Class DistillationLoss<T>
- Namespace
- AiDotNet.KnowledgeDistillation
- Assembly
- AiDotNet.dll
public class DistillationLoss<T> : DistillationStrategyBase<T>, IDistillationStrategy<T>
Type Parameters
T
- Inheritance
-
DistillationLoss<T>
- Implements
- Inherited Members
Constructors
DistillationLoss(double, double)
Initializes a new instance of the DistillationLoss class.
public DistillationLoss(double temperature = 3, double alpha = 0.3)
Parameters
temperaturedoubleSoftmax temperature for distillation (default: 3.0). Higher values (2-10) produce softer probability distributions that transfer more knowledge.
alphadoubleBalance between hard loss and soft loss (default: 0.3). Lower values give more weight to the teacher's knowledge.
Remarks
For Beginners: The default values (temperature=3.0, alpha=0.3) work well for most classification tasks.
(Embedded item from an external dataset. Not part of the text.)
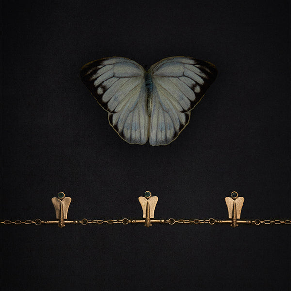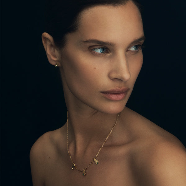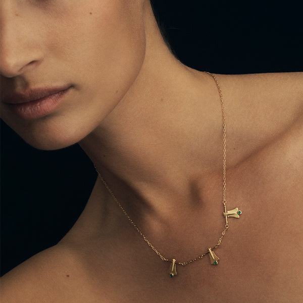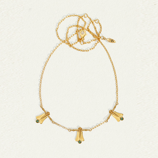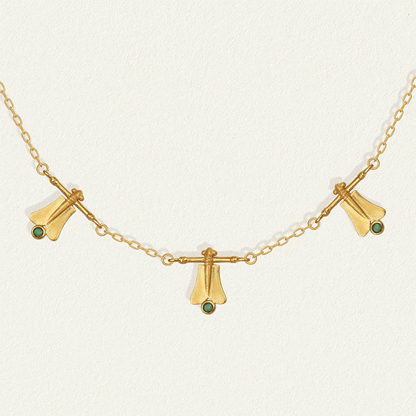 A unique statement necklace crafted from softly brushed 18k gold vermeil. This emerald station necklace features stylised bee pendants, a protective motif sacred to the ancient Mycenean culture.

You may want to adjust them based on your specific problem: - Increase temperature if the teacher's uncertainty is important (complex tasks) - Decrease alpha if you have noisy labels or want to rely more on the teacher - Increase alpha if you have very clean labels and a smaller capacity gap
Methods
ComputeGradient(Matrix<T>, Matrix<T>, Matrix<T>?)
Computes the gradient of the distillation loss for backpropagation.
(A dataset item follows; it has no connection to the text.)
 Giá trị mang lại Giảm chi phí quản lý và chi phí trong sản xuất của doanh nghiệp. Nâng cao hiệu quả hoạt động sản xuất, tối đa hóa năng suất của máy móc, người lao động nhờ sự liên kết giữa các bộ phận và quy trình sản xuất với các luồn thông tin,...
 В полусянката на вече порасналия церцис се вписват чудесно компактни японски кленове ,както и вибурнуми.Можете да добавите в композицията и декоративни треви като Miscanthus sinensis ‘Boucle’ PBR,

public override Matrix<T> ComputeGradient(Matrix<T> studentBatchOutput, Matrix<T> teacherBatchOutput, Matrix<T>? trueLabelsBatch = null)
Parameters
studentBatchOutputMatrix<T>The student model's raw outputs (logits).
teacherBatchOutputMatrix<T>The teacher model's raw outputs (logits).
trueLabelsBatchMatrix<T>Ground truth labels (optional).
Returns
- Matrix<T>
Gradient matrix with respect to student logits.
Remarks
For Beginners: The gradient tells us how to adjust the student's parameters to reduce the loss. It points in the direction that increases loss, so we subtract it (gradient descent) to improve the model.
The soft gradient: (student_soft - teacher_soft) × T² The hard gradient: (student_probs - true_labels) Combined gradient: α × hard_grad + (1 - α) × soft_grad
ComputeLoss(Matrix<T>, Matrix<T>, Matrix<T>?)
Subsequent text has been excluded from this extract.